» **EXERCISE BRIEF**
The answer is to be the lines of the material from its start through the line containing "Дверь входная с ковкой и стеклопакетом №28", each copied exactly; no pictures.

» **EXERCISE INPUTS**
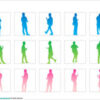 フリー、無料で使える歩きスマホする人のシルエット画像です。パワーポイントの図形機能で作成しています。PPTX形式、PNG形式画像で、白黒シルエットとカラーシルエットの2パターン作成しています。
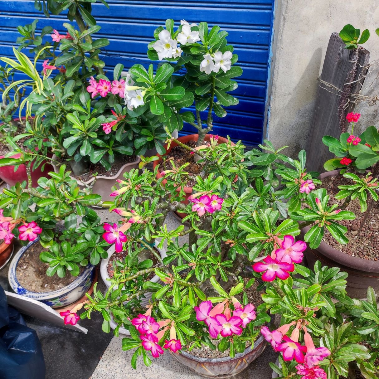 要不是前陣子@Flora異想 有拍沙漠玫瑰,我隔天駐停巷口幾秒確認沒車,轉頭看到它們,這才驚覺...,阿這不就是沙漠玫瑰?啊我這三年多不是每天都在看嗎?
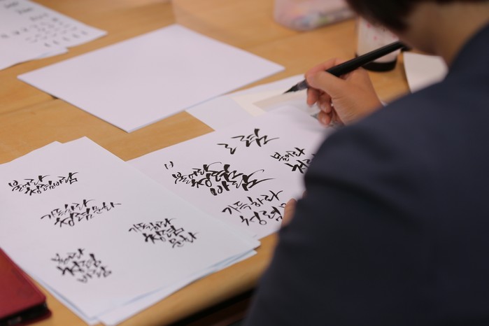 | ▲캘리그래피를 하고 있는 공직자들.(경기북부청 제공) |
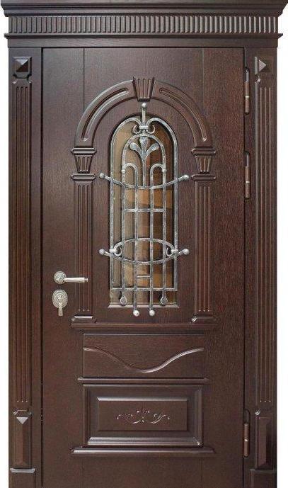 Дверь входная с ковкой и стеклопакетом №28
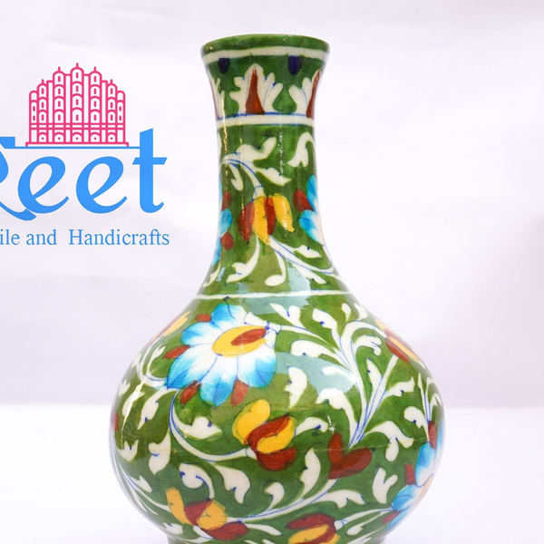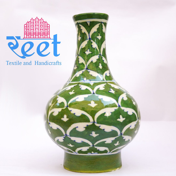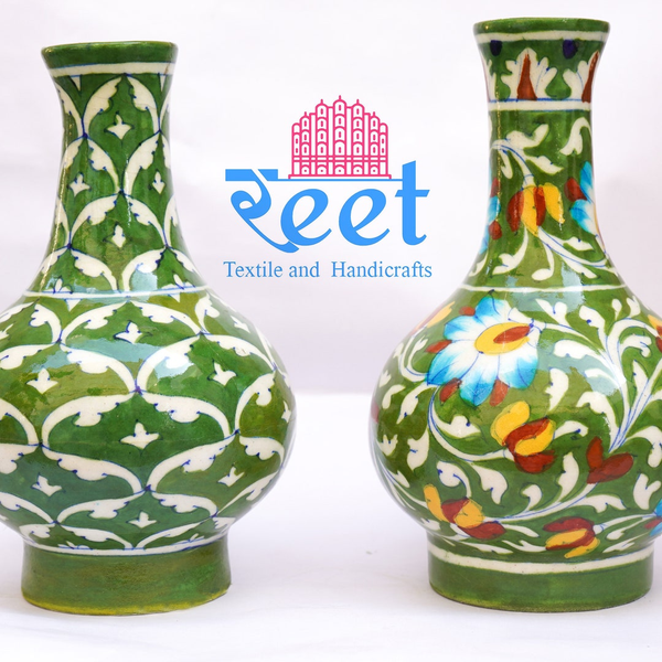 ABOUT BLUE POTTERY: Although it originated in ancient Persia, the art of blue pottery was brought to the craftsmen of Jaipur in the early 18th century. Blue pottery derives its name from the distinct use of Persian blue color. Indeed, the precise hand-painting under a transparent glazed surface, makes blue pottery stand out; but there is lot more to blue pottery than what meets the eye. It is the only form of pottery in the world which is made without the use of natural clay or mud. Instead, a special combination of powdered quartz, glass pieces and other minerals is used to make the clay-like mixture for making blue pottery. Interestingly, Jaipur’s blue pottery is also the only form of low-temperature glazed pottery which is made with a single firing process. These unusual attributes have earned Jaipur’s blue pottery a lot of fame in its own niche in the international market. The unique process and use of materials, makes Jaipur Blue Pottery rare in the world, but also make it extremely fragile and delicate.

» **ANSWER SECTION**
 フリー、無料で使える歩きスマホする人のシルエット画像です。パワーポイントの図形機能で作成しています。PPTX形式、PNG形式画像で、白黒シルエットとカラーシルエットの2パターン作成しています。
 要不是前陣子@Flora異想 有拍沙漠玫瑰,我隔天駐停巷口幾秒確認沒車,轉頭看到它們,這才驚覺...,阿這不就是沙漠玫瑰?啊我這三年多不是每天都在看嗎?
 | ▲캘리그래피를 하고 있는 공직자들.(경기북부청 제공) |
 Дверь входная с ковкой и стеклопакетом №28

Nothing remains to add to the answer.